Tragedy of Omelette: Prince of Denny’s.
Image – Bottoms Up Productions.

The Tragedy of Omelet, Prince of Denny’s

Written by Colby Ballowe

Directed by Amos Dreisbach

Review by Rachel White

Entire contents are copyright © 2013 Rachel White. All rights reserved.

When I first read the title of this show, I thought for sure that it would be a parody of Hamlet set in a Denny’s restaurant. I’m guessing I wasn’t alone in that assumption.  The Tragedy of Omelet Prince of Denny’s went up at the Alley the other night and is the final play of the season for Bottoms Up! Productions. The play, in fact, has nothing to do with omelets or diner chains of any kind: it’s pretty much Hamlet with some modern slang thrown in just for fun. That leaves The Tragedy of Omelet somewhere along the spectrum of a full-on parody, and an actual modern translation. I wish the author had gone one way or the other, because right now the play feels like it’s in that squishy place between wanting to be a parody and also wanting to revere the text it is mocking.
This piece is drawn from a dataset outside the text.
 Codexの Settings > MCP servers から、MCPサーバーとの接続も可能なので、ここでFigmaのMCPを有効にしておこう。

There is a great deal of potential in treating Hamlet as a farce, because on many levels the play is pretty preposterous. There are ghosts, there are accidental killings, there is mass death, and most of the characters go completely insane by the end. It’s material ripe for parody. But this script relies too heavily on stereotypes and shock value jokes that tend to fall flat after a while. Even David Miller with his pencil-thin beard and full commitment to be the “playa king” couldn’t quite bring us to the point of hilarity.  A quicker pace, shorter scenes and less dialogue might have helped. Omelet needs to move like a comedy, and unfortunately in some scenes it moves in a bit like, well, Hamlet.
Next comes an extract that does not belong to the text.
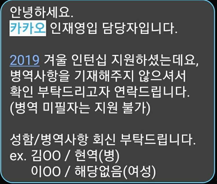 인턴 전형이 아니라 다른 전형에서 이 문자를 받은 다른 사람들은 붙었다고 하니, 내심 붙었다고 생각하고 있었다.

That being said, the actors in the production do quite a nice job and manage to pull off many funny and believable moments. Blair Boyd was very genuinely funny as Ophelia, who gradually becomes more and more insane throughout the production. Boyd captures, in her own charming way, the excessively shrill, needy essence of the character.   

Corey Music is also strong as Claudius. He demonstrates good shows of temper and strong comic timing, and there’s a funny bit when he is in the church praying.  He’s so winning because he’s so genuinely baffled that everyone is accusing him of these crimes.    

Conrad Newman was also good as Hamlet, though there isn’t really anything brooding about him. He has more of a matter of fact energy, which worked as far as the comical aspect of the show. There could have been a stronger choice made for Hamlet; he’s not as extreme as the other characters.  More contrasts and surprises would have made this role work better. 

The stronger scenes were between The King and Queen, and also between Ophelia and Hamlet. Gertrude is Hamlet’s drunken mother, and this aspect of her character ties in nicely at the end when she insistently drinks from Claudius’s poisoned goblet. 

There is also the revelation that Claudius did not in fact kill Hamlet Senior, which is a great idea, and a good twist. More of the plot should have built up to this moment; it’s really the twist that pulls the whole play together.

The Tragedy of Omelet, Prince of Denny’s

Show dates are Thursday, April 25, through Monday, April 29;
Thursday and Friday, May 2 and 3; and Sunday, May 5.

The show starts at 7:30 p.m. Tickets are $12 dollars, or 2 for $20.